I'm current reading Privilege of the Sword. It makes me very happy.
Literary Buffistas 3: Don't Parse the Blurb, Dear.
There's more to life than watching Buffy the Vampire Slayer! No. Really, there is! Honestly! Here's a place for Buffistas to come and discuss what it is they're reading, their favorite authors and poets. "Geez. Crack a book sometime."
Hec:
Cat and Girl discuss the literature of WWI
Ummm, isn't Robert Graves really a bad example for this point? Nobody reads "I Claudius"?
One thing I remember from college is that there was one passage in Suetonius about Tiberius that no one except Robert Graves would translate ... I read it and promptly wished I hadn't. No - I won't talk about it (shudder).
Ummm, isn't Robert Graves really a bad example for this point? Nobody reads "I Claudius"?
Also "I, Claudius" not so much about WWI.
I read THE BOOK - I meant to try to make it last, but I just couldn't stop reading. I laughed a lot, I sniffled a little, did some vigorous head-nodding. sigh ... I wish there were more.
Dear author, a lot of the book was a love letter to your internet communities - the people who've become the family of your heart, the people who "get" you in ways your birth family never have. It made me love my Buffistas more than ever. I hope you know that we love you back.
Nobody reads "I Claudius"
I read it, but only because I loved the mini-series so much.
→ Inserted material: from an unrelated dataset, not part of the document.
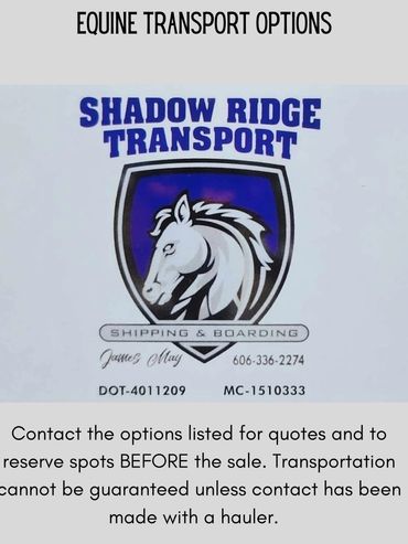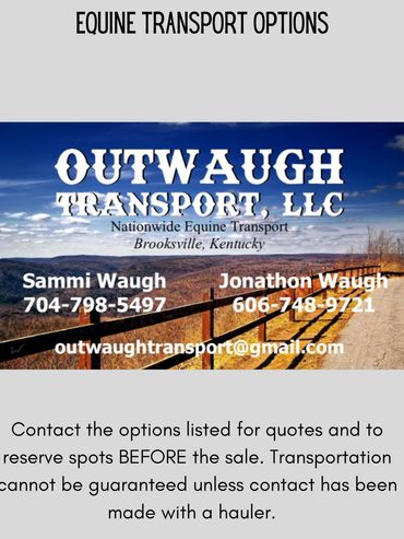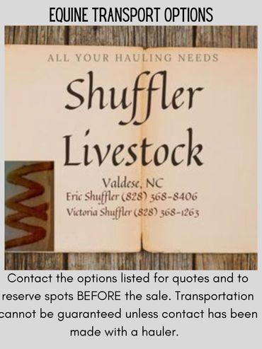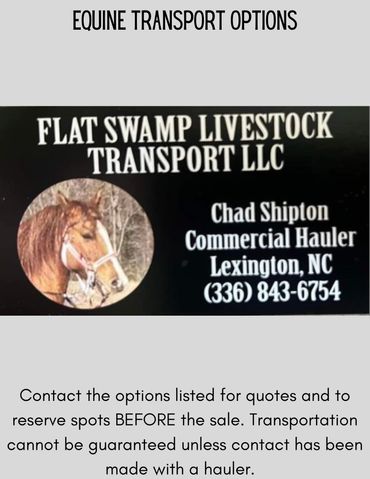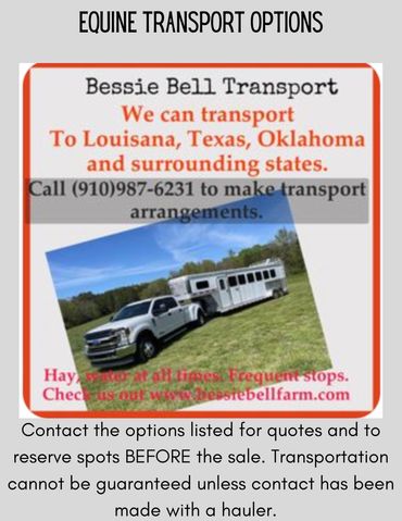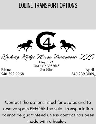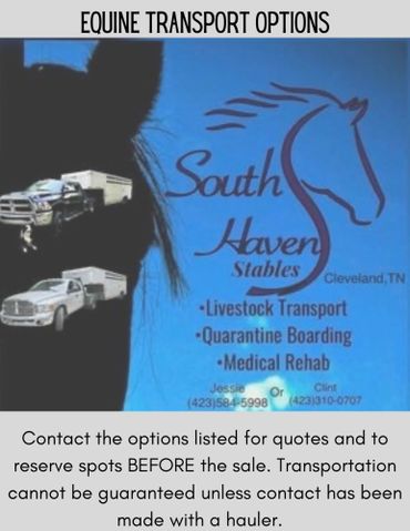 Don't have a way to get your new horse home? We have a great list of Equine Transporters that can help! If you plan on bidding, please make sure to get in touch with one of the haulers before the day of the sale. Contact them before the sale to get a quote and reserve your spot. If your hauler needs Health Papers for your horse, please let the office know when you checkout and we can arrange for your hauler to receive them.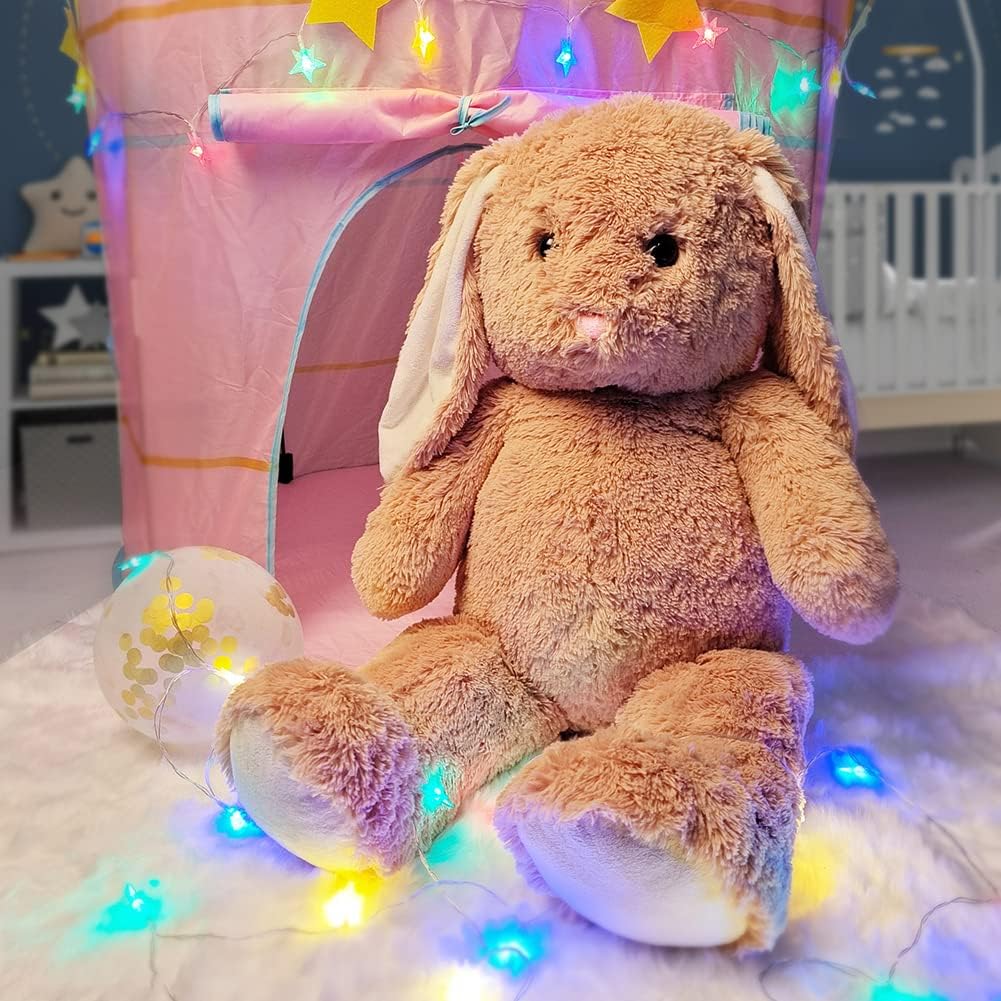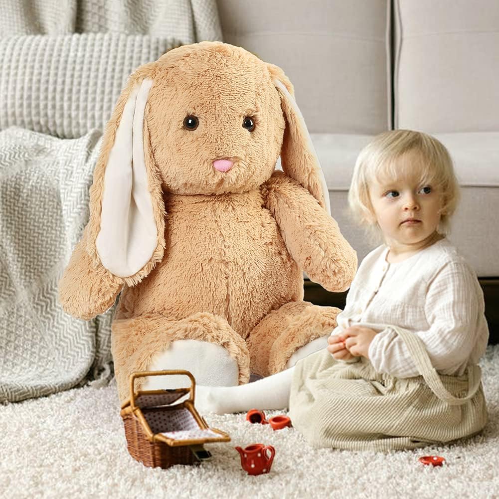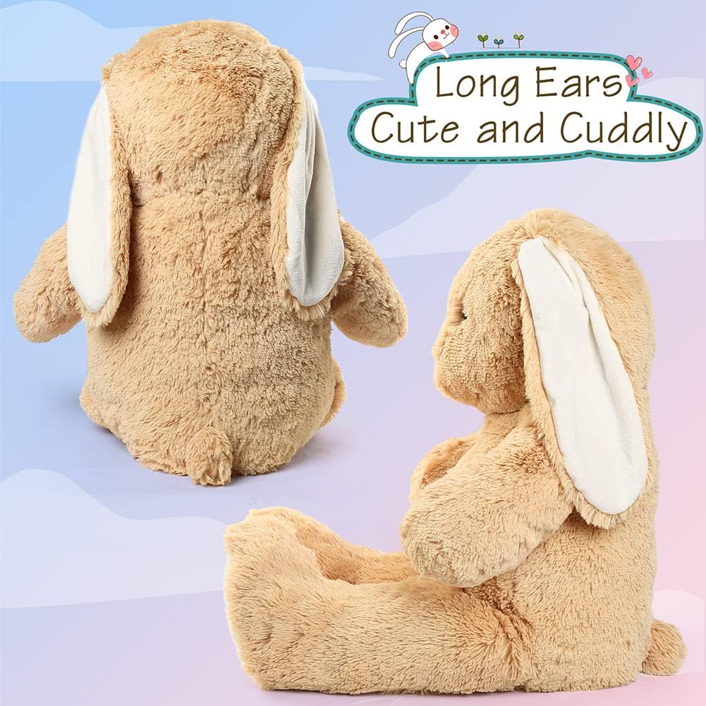 - CUTE CUDDLY BUNNY PLUSH: This jumbo rabbit stuffed animal plush toy features signature eyes, long floppy ears and fluffy tail. The eyes and tailor nose are secured tightly so they can’t be detached with normal use and play. Surface-washable

And then it was all moot because the BookClub Thread which we had at the time became the no-whitefont home for HP6 discussion ( Wolfram "The Buffista Book Club: Isn't the Point of Computers to Replace Books?" Aug 7, 2005 8:01:35 pm PDT), which I personally thought was a great idea.
I'd be up for reopening that thread for a while, if people wanted to. (Or having the discussion here - I don't care either way.) But if people think it might be easier.
What timing... I was just coming in to see where and how people would be discussing HP7. I don't actually have useful input, just looking forward to it.
Also "I, Claudius" not so much about WWI.
Graves's WWI memoir was Good-Bye to All That. Which I read for a college class in English history.
I must admit, what WWI literature I've read was for history classes. Good stuff that I'm glad I read, though.